When growing a plant for seeds, is there anything special that has to be done to collect the seeds and how long should i wait befor i plant the seeds. I've bought weed befor and spent hours picking out seeds, 3/4 of them were no good, soft and cracked open with little pressure. I'm growing Lowriders as most of y'all know. I of the 3 I pollinated for more seeds and i just wanna make sure i do everything right to get as many good seeds as possible and a better crop with all the seeds, I hope i get more than 10 good seeds.

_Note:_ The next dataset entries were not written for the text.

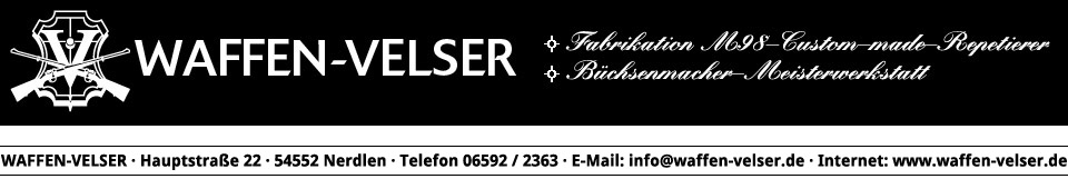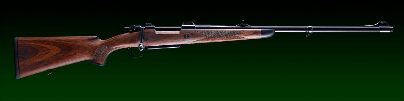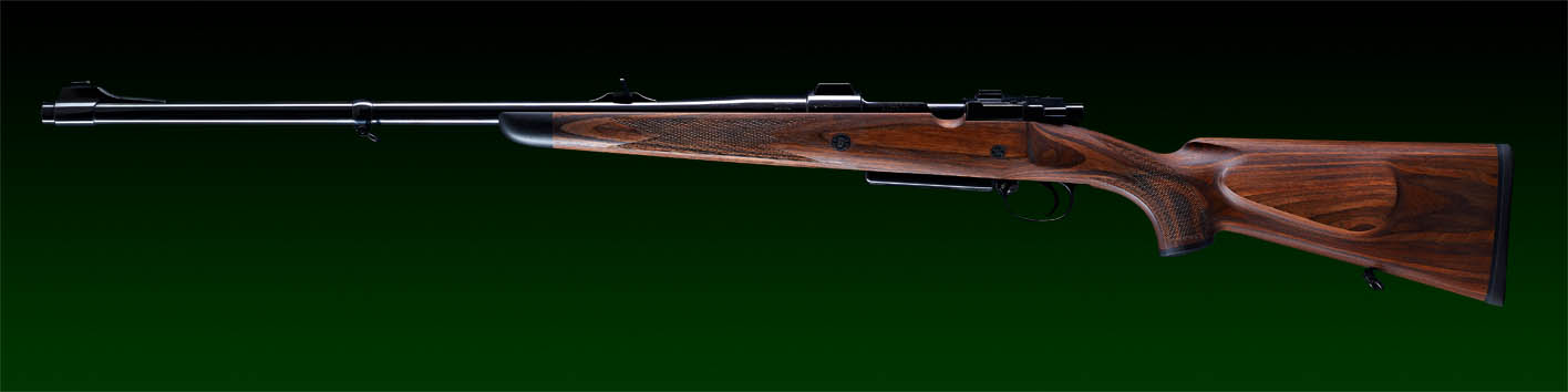 System: M98 Steyr 1912, fein eingestellter Recknagel Flintenabzug, flache Recknagel Secura Sicherung, verlängerter Kammerstängel.
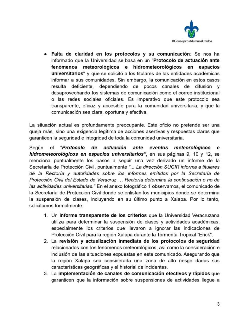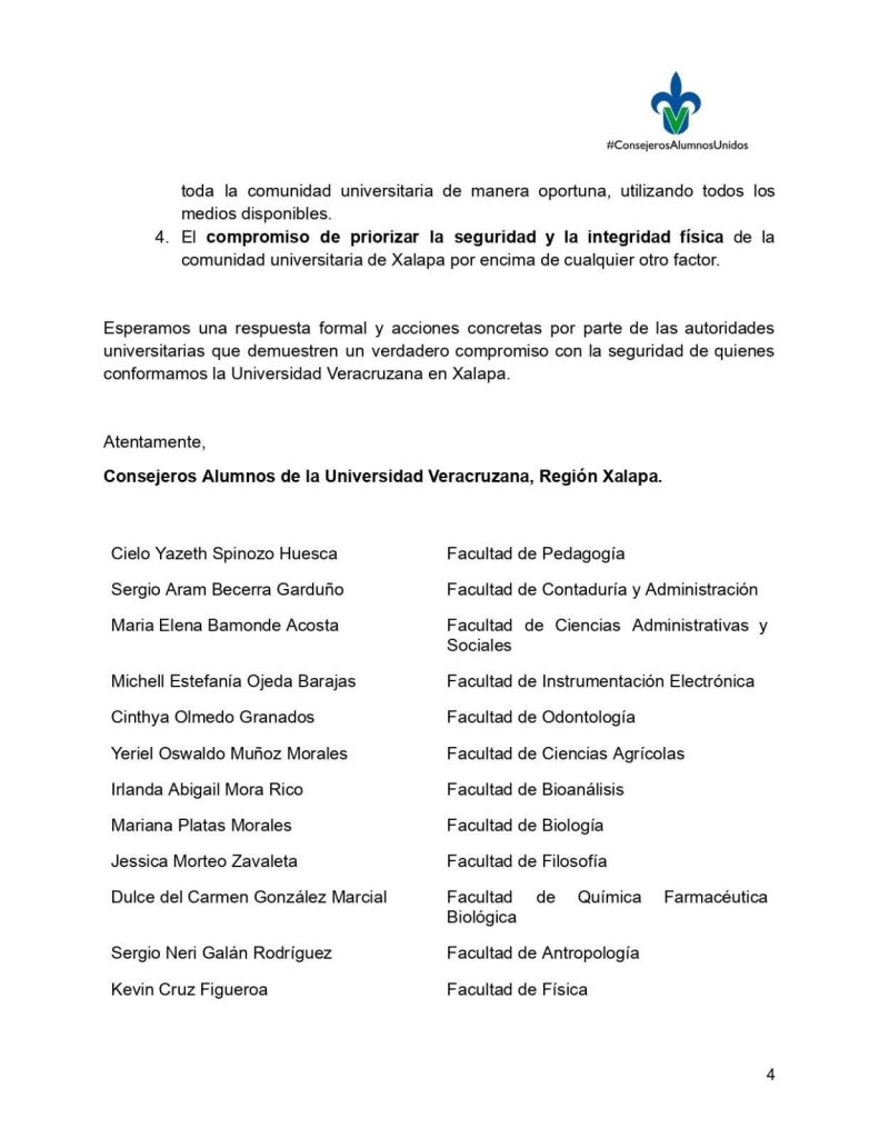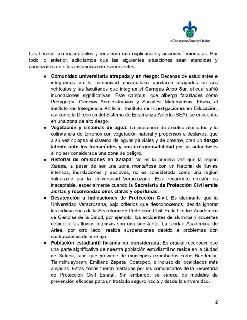 «Hoy la comunidad universitaria enfrentó las siguientes problemáticas ante la toma de decisión de no suspender actividades para estudiantes, académicos y personal administrativo de la Región Xalapa»:
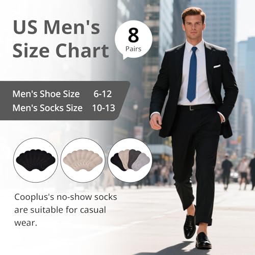 HOT ! COOPLUS 8 Pairs No Show Socks Men Non Slip Low Cut Cotton Invisible Socks for Loafer Flats
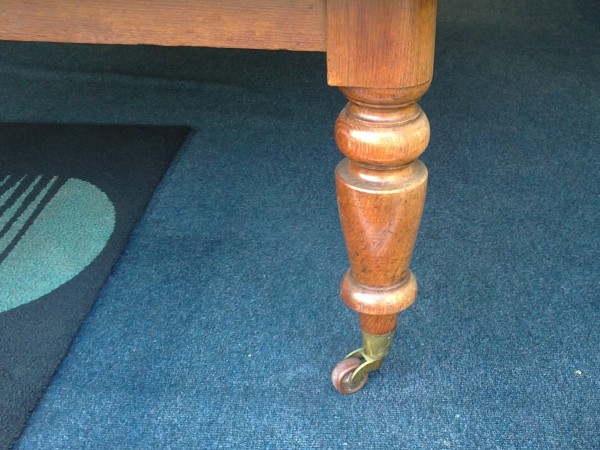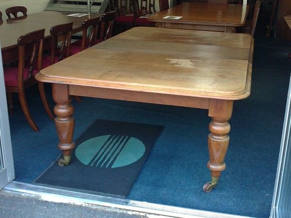A large Victorian oak wind out dining table to seat 12 to 14 people, standing on turned legs with castors. Shown prior to polishing (choose your own shade and finish). Measures 330cm long (130 inches) x 135cm wide (53 inches).
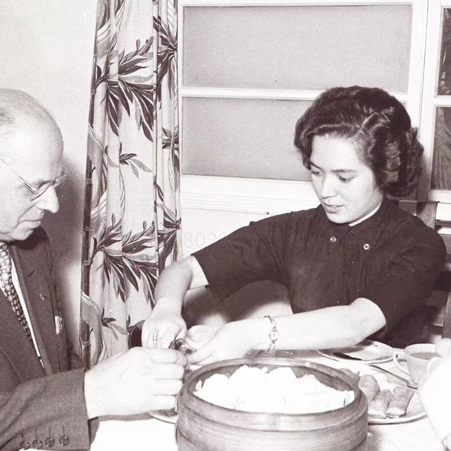 1957年,蒋纬国和妻子邱爱伦新婚当天,一张罕见的合影,当时他们举行了宴会,很多
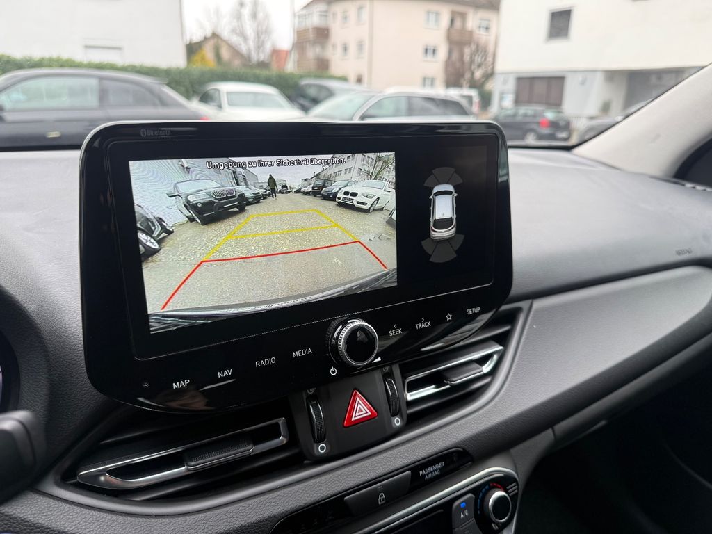 3. Bremsleuchte, 6 Lautsprecher, Ablagebox / Stauraum unter Kofferraumboden, Ablagetasche an Vordersitzlehnen, Airbag Beifahrerseite, Airbag Beifahrerseite abschaltbar, Airbag Fahrerseite, Aktives Bremslicht (ESS), Audiosystem: Radio RDS, Außenspiegel elektr. anklappbar, Außenspiegel elektr. verstell- und heizbar, beide, Außenspiegel mit Umfeldleuchte, Außenspiegel schwarz glänzend, Blinkleuchte in Außenspiegel integriert, Bremsassistent, Einschaltautomatik für Fahrlicht / Lichtsensor, Elektr. Bremskraftverteilung, Elektron. Stabilitätskontrolle (ESC) mit Bremsassistent, Fahrassistenz-System: Aufmerksamkeits-Assistent, Fahrassistenz-System: Autonome Notbremsfunktion inkl. Frontkollisionswarnung (FCA), Fahrassistenz-System: Berganfahrhilfe, Fahrassistenz-System: Einparkhilfe vorn und hinten, Fahrassistenz-System: Fahrprofilauswahl (Drive Mode), Fahrassistenz-System: Fernlichtassistent, Fahrassistenz-System: Sicherheitssystem mit automatischem Notruf (ERA GLONASS / eCall), Fensterheber elektrisch hinten, Fensterheber elektrisch vorn und hinten, mit Auf-/Ab-Automatik, Fensterrahmen Zierleisten schwarz glänzend, Freisprecheinrichtung Bluetooth, Frontscheibe mit Bandfilter oben, Frontscheibe wärmedämmend, Gegenlenkunterstützung (Vehicle Stability Management, VSM), Gepäck-/Laderaumleuchte, Gepäcknetz im Koffer-/Laderaum, Gepäckraumabdeckung / Rollo, Getriebe 6-Gang - mit automatisierter Kupplung (iMT), Getränkehalter hinten, Getränkehalter vorn, Gurtstraffer, Heckleuchten LED, Heckscheibe heizbar, Induktionsladeschale für Smartphone, Isofix-Aufnahmen für Kindersitz, Karosserie: 5-türig, Klimaautomatik 2-Zonen, Komfort-Paket, Kopf-Airbag-System, Kopfstützen hinten verstellbar, Kühlergrill schwarz (glanzlackiert), Lendenwirbelstütze Sitz vorn links, elektr. verstellbar, Lenkrad heizbar, Leseleuchte, LM-Felgen, Mild-Hybrid 100 kW (Motor 1,6 Ltr. - 100 kW CRDi), Mittelarmlehne hinten mit Getränkehalter, Modellpflege, Motorhaubenisolierung, Navigations-Paket, Radioempfang digital (DAB+), Reifen-Reparaturkit, Reifendruck-Kontrollsystem, Rückfahrkamera, Rücksitzlehne geteilt/klappbar, Schadstoffarm nach Abgasnorm Euro 6d, Schalt-/Wählhebelgriff Leder, Scheibenbeschlagerkennung / Regelung, Scheinwerfer LED, Seitenairbag vorn, Seitenscheiben ab B-Säule abgedunkelt, Sicherheitsgurte vorn höhenverstellbar, Sitz vorn links höhenverstellbar, Sitz vorn rechts höhenverstellbar, Sitzbezug / Polsterung: Stoff, Sitzheizung vorn, Smartphone Schnittstelle (Apple CarPlay & Android Auto), Sonnenblenden mit Spiegel (beleuchtet), Start-Stop-Knopf, Start/Stop-Anlage, Steckdose (12V-Anschluß) im Koffer-/Laderaum, Stoßfänger Wagenfarbe, Türgriffe außen Wagenfarbe, Türgriffe innen verchromt, USB-Anschluss + AUX-IN-Anschluss, Verglasung getönt, Warnanlage für Sicherheitsgurte, Fahrer-/Beifahrerseite
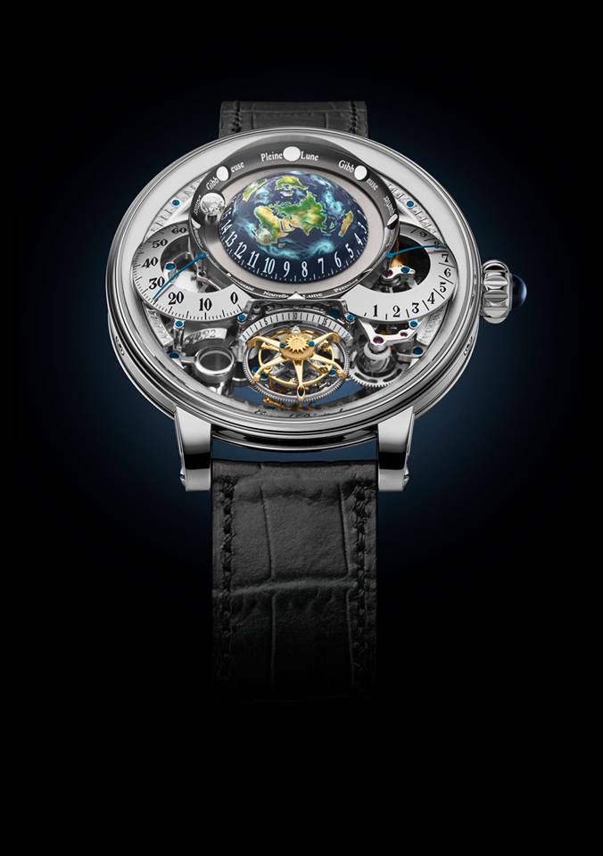 A manera de explicación, se trata de un aparato desarrollado para ejemplificar los tres principales astros que nos rigen: el Sol, la Tierra y la Luna, y su interacción el uno con el otro. Sin embargo, la manera en la que este Bovet lo muestra básicamente es hermosa y digna de aplauso. Todo ello gracias a la inmensa proporción de la Tierra, que deja al torbellino hacer las de Sol y a una Luna girar alrededor de nuestro planeta. Todo ello, por supuesto, en la medida y proporción real a la que aceptamos.

Another question, when a female is producing seeds, do the seeds look like big pre-flowers? The female i pollinated is full of bud but i see alot of BIG pre-flower looking things all over, they still have 2 white hairs comeing out of them, but they are 3-4x the size of the pre-flowers that grew before i pollinated her and i dont notice any on the other female.


----------



## GanjaGuru (Jun 15, 2006)

The best time to pollinate females is when she's 3 weeks into 12/12 or flowering.
Then wait.  It takes 3--4 weeks.  The seeds will be ripe when they split the calyx's to reveal part of the seed, about the time the buds are almost ripe.
Fresh seeds are non-viable as a general rule.  Each seed is created with a tiny bit of moisture inside.  They will not germinate until the moisture is lost.
In nature, this is to prevent the seeds from germinating as soon as they hit the ground (approx. Nov.)  The best time for seeds to sprout in nature is the spring, so it usually takes 4 months or so for the moisture to evaporate, depending on environmental conditions (rain, etc.)
You can avoid the long wait by putting the seeds in an air-tight container with a silica sack--those little bags they put in medicine.  Or siimply leave them loose in a drawer.  Sealed with silica they'll be ready in a week or 2, loose in a drawer depends on ambient humidity, about 2--4 weeks.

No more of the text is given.